Reporter Rodney Manley at The (Macon) Telegraph, Georgia’s third-largest circulation newspaper, has written a nice profile of Bishop James King. Bishop King was appointed earlier this year to be the episcopal leader of the South Georgia Conference.
The full article is no longer online, but here is an excerpt:
King is the South Georgia Conference’s first black bishop…. [But] he doesn’t give the “first black” thing “any attention at all.” He has, as they say, been there, done that. He was the first black pastor at one Tennessee church and later the first black bishop in Kentucky. “I don’t look through that lens,” he said. “I look through a Christlike lens.”. . .
King described his parents as “very devout Christians who nurtured me in every way.” His mother was a public school teacher who played piano and organ and was president of the Methodist women’s group in the church. “I remember her singing lullabies to me and teaching me to bend my knees in prayer. But not only that, I saw them do that.”. . .
King was baptized as a baby, but at age 14, he went before the church during a revival and was saved.
He also declared for the first time publicly that he had been called to the ministry, which he said raised an eyebrow of his school principal. “A typical boy, I was into everything. He said I was just saying that,” King said.
King attended Clark College where he “fell in love with psychology,” due in part to a childhood curiosity. “I understood the rationale of loving people and caring for people, but I didn’t understand how to modify behavior. I grew up with people who would go to revival and church, but noticed their behavior did not change.”

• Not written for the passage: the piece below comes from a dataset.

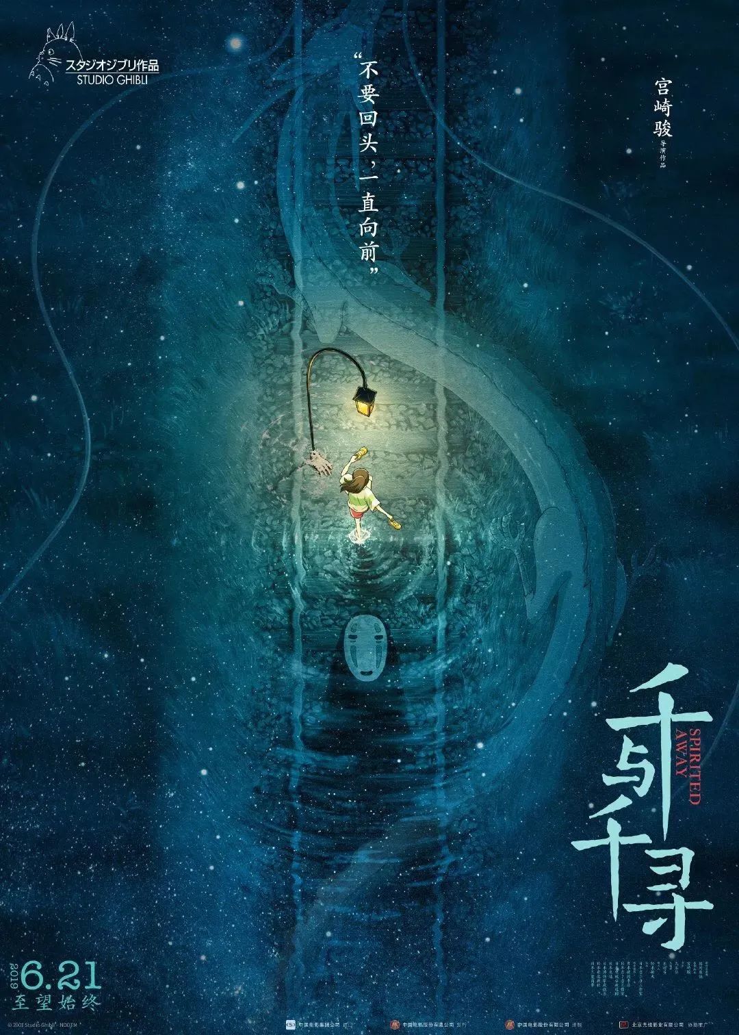 而在“望”版海报中,千寻在神隐世界的朋友“无脸男”和“白龙”默默陪伴下,重拾自信大步向前。既展现了千寻的成长蜕变,也突显了友情的珍贵和温暖。

He now believes that faith is “like a virus to an adult,” especially those who were not raised in Christian homes. “It comes into the body as something unknown, and the body reacts to it as if it were an enemy. It’s very difficult to embrace something that you’ve never known, even though you crave it. It’s not only introducing faith, it’s nurturing that faith in adults. You have to really walk it and help people experience something they’re never known before.”. . .
[As for children and youth, Bishop King thinks] the church. . . needs to do a better job of teaching children and young people to “articulate their faith.”
“They’re going to make decisions about careers, about marriage, about their children. We’ve got to make sure our children are not just coming to Sunday school and hiding Easter eggs, which is wonderful, and playing the games, which is also wonderful. They’ve got to be taught the value of the faith. If we do not do that, we leave them without the armor that they need to live the full Christian life.”
In August, King was elected president of the General Commission on United Methodist Men, a national post. He told the commission it should focus on nurturing boys. “We’ve got to stop expecting fruit from men if we’ve not nurtured the root in boys,” he said.
Before being elected to the episcopacy in 2000, James King served three years as a district superintendent and briefly as the senior pastor of the 5000-member Brentwood UMC in Brentwood, Tenn. Other biographical information is here.
Bishop King recently launched a blog at BishopKing.com.